Неизвестной гражданкой было предоставлено 2 фунта конины в распоряжение Ревтройки Мор. Отр. Пер. Б. ф. Моряки приносят сердечную благодарность сознательной гражданке. Каждому из нас видно, что великолепная незнакомка разделила с моряками столь драгоценный лакомый кусок. Пусть же партия предателей и лжецов трепещет перед единою братской семьёй Кронштадта!»

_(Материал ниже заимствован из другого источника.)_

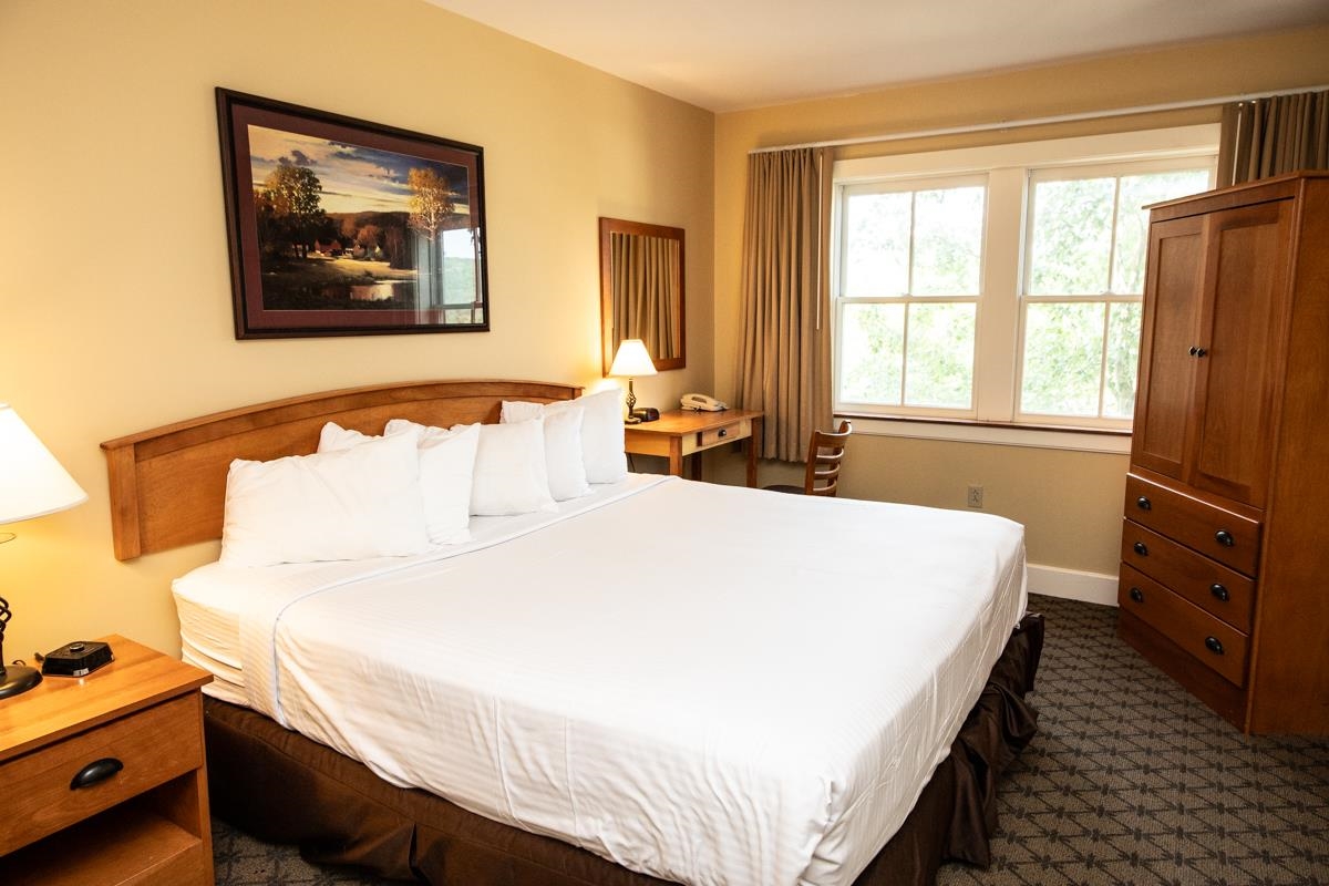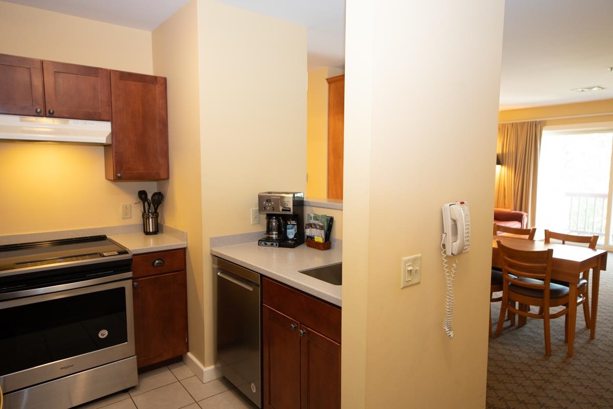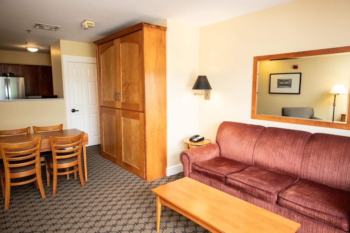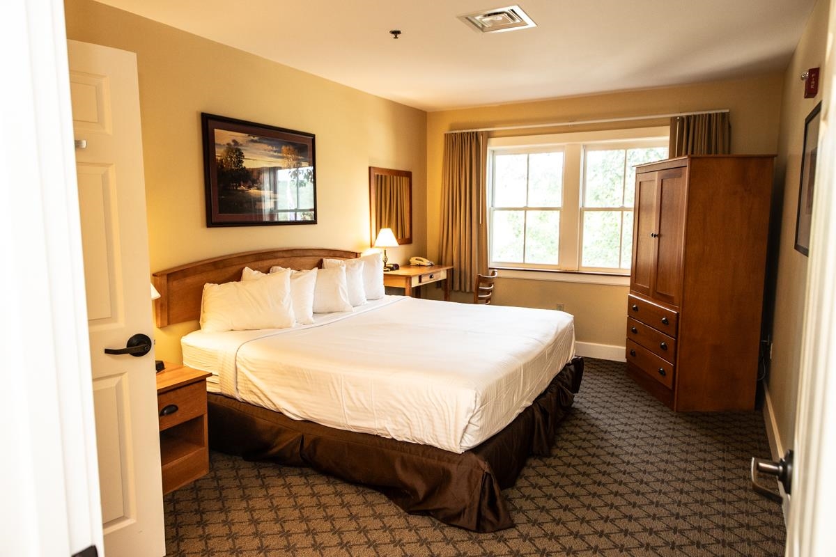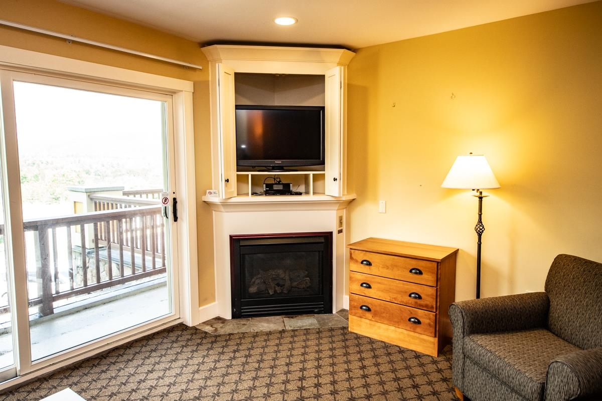 Jackson Gore Inn Unit 262 Quarter IV: Handicapped accessible one-bedroom residence at the heart of the renowned Jackson Gore Inn. This spacious unit comfortably sleeps six and is ideally located near the owners’ lounge and elevator for quick, convenient access to the lobby, front desk, and the popular Coleman Brook Tavern. Enjoy the comfort of slopeside living with easy access to dining, resort amenities, and year-round activities in the Jackson Gore. Okemo Mountain Resort offers true four-season enjoyment with skiing, adventure activities, pools, fitness facilities, and village conveniences just steps away. Unit K- HCP Features: One bedroom, sleeps six, King bed, Queen sleep sofa, Queen wall bed, full kitchen, 1.75 Baths, jetted bath tub, fireplace, entertainment center.

Уличные бои развиваются. Жёлтый дым заволакивает людей и дома, жёлтый дым грохочет, наполненный голосами... Искусствоведы в молчании перелистывают страницы книг, отражаясь в стёклах ясеневых шкафов гравюрного кабинета. Сторож дремотно проходит по залам. В комнате, проникнутой тишиной и утренним светом, на плюшевом диванчике сидит, улыбаясь, девушка; проношенные ботики оставляют на полу влажные следы растаявшего снега; она, вероятно, пришла на свидание, она улыбается своим мыслям в тишине светлой музейной залы. Согнувшиеся над рекой, застывшей навсегда в зелёным, синем, лиловом волнении, рабы поворачивают головы в сторону далёких холмов, с которых, как умиротворяющий сон, спускается маленькая человеческая фигурка. Синее, нежное небо, прохлада кущ, фисташковые складки одежд. Девушка в ботиках смотрит на немощное тело старца; перед ней, заслонив на мгновенье картину, проходит ранний, застенчивый посетитель, держа картуз красной дырявой варежкой и стараясь ступать как можно бесшумнее... Нуся Струкова, истерзанная любовниками, просыпается с болью в висках — кровать, измятая, как старость. Газеты кричат о победе: примёрзший волосами и ладонью правой руки ко льду, Юрик Дивинов выиграл своё пари.
С горстью беглецов — главарей восстания и военных инженеров — отступает к финскому берегу конструктор Гук.